The use of virtual prototyping early in the design stage of a product has gained popularity due to reduced cost and time to market. The state of the art in vehicle simulation has reached a level where full vehicles are analyzed through simulation but major difficulties continue to be present in interfacing the vehicle model with accurate powertrain models and in developing adequate formulations for the contact between tire and terrain (specifically, scenarios such as tire sliding on ice and rolling on sand or other very deformable surfaces). The proposed work focuses on developing a ground vehicle simulation capability by combining several third party packages for vehicle simulation, tire simulation, and powertrain simulation. The long-term goal of this project consists in promoting the Digital Car idea through the development of a reliable and robust simulation capability that will enhance the understanding and control of off-road vehicle performance.

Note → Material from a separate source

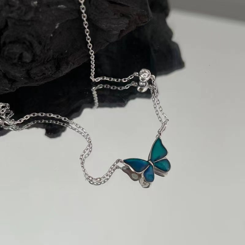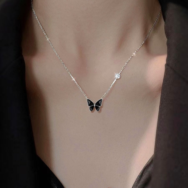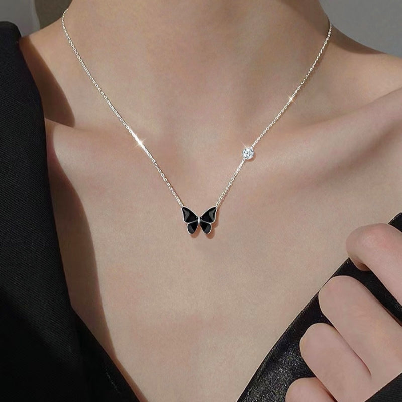 Sterling Silver Elegent Black And Blue Butterfly Necklaces
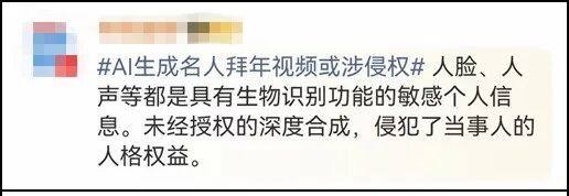 对此,网友们均表示了担忧:“技术创新需守规矩,版权伦理不容忽视。”“用AI还是要合法。”“AI拜年虽有趣,但也要注意法律边界,尊重他人权益!”

The paper describes a methodology to co-simulate, with high fidelity, simultaneously and in one computational framework, all of the main vehicle subsystems for improved engineering design. The co-simulation based approach integrates in MATLAB/Simulink a physics-based tire model with high fidelity vehicle dynamics model and an accurate powertrain model allowing insights into 1) how the dynamics of a vehicle affect fuel consumption, quality of emission and vehicle control strategies and 2) how the choice of powertrain systems influence the dynamics of the vehicle; for instance how the variations in drive shaft torque affects vehicle handling, the maximum achievable acceleration of the vehicle, etc. The goal of developing this co-simulation framework is to capture the interaction between powertrain and rest of the vehicle in order to better predict, through simulation, the overall dynamics of the vehicle.